The 2nd Defendant’s learned Counsel filed submissions dated 5th March 2012. The learned Counsel argued that the Plaintiffs had failed to established a prima facie case has their title was voidable, having been obtained fraudulently. Further, that the Plaintiffs had not shown that they stood to suffer irreparable loss as the suit property’s value can be quantified and they could be adequately compensated by way of damages. Lastly, that an injunction would be injurious to the 2nd Defendant as he had incurred expenses developing the suit property.
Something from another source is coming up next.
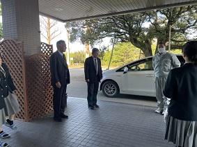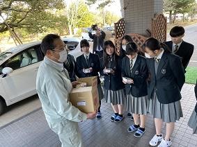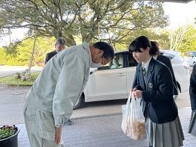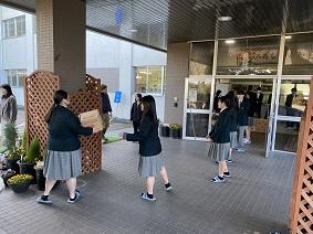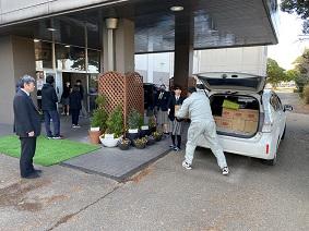 卒業式閉会後、保護者の皆様には生徒たちが育てた鉢花(サイネリア)を持ち帰っていただきました。

Similar arguments were proffered by the Counsel for the 5th Defendant in submissions dated 18th January 2012, wherein it was averred that the Plaintiffs had not met the legal principles for the grant of an injunction as enunciated in Mrao vs First American Bank (2003) Eklr, as they had not demonstrated that they had lawfully acquired the suit property. The arguments made by the 2nd and 5th Defendants were reiterated by the learned Counsel for the 3rd, 5th, 6th and 7th Defendants in submissions dated 5th March 2012.

I have read and carefully considered the pleadings, evidence and submissions by the parties to this application. At this stage all I am required to do is determine the application before me on the basis of the requirements stated in Giella vs Cassman Brown & Co Ltd,(1973) EA 358 as to the grant of a temporary injunction. These are that the applicant must establish a prima facie case, and that he or she would suffer irreparable loss which may not be compensated by an award of damages. If the Court finds that the two requirements are not satisfied, it may decide an application on the balance of convenience.

The first question I must therefore answer is whether the Plaintiff has established a prima facie case. The Plaintiff has provided evidence of title to the suit property, while the 2nd and 3rd Defendants rely on allotment letters issued by the 5th Defendant with respect to the same property. The rest of the Defendants rely on resolutions made in meetings of the 5th Defendant as indicating the basis of their interest in the suit property. It is my opinion that being the registered owners of the suit property, the Plaintiffs prima facie have a superior claim, and have therefore established a prima facie case with a probability of success.

The issue of whether the said title was issued irregularly or fraudulently can only be established after full trial and not at this stage. I am also of the view that damages are not an adequate remedy as the Plaintiffs have indicated that the suit property is meant for educational purposes and they have already established a school in the adjoining parcel of land.

I therefore allow the Plaintiffs’ application dated6th September 2011 and hereby order as follows:

1. TheDefendants are restrained jointly and severally and whether by themselves or by their servants, agents or otherwise howsoever from trespassing on, alienating, continuing with the construction of any structures and/or in any way whatsoever interfering with the Plaintiffs’ quiet possession over all that piece of land known as Land Reference Number 209/14527 situated in the City of Nairobi pending the hearing and determination of the suit herein or until further orders.

2. The Plaintiffs shall not to demolish or in any way interfere with any structures constructed on the said parcel of land by the Defendants pending the hearing and determination of the suit herein or until further orders.

3. The costs of the application shall be in the cause.

Dated, signed and delivered in open court at Nairobi this ____10th_____ day of ____October_____, 2012.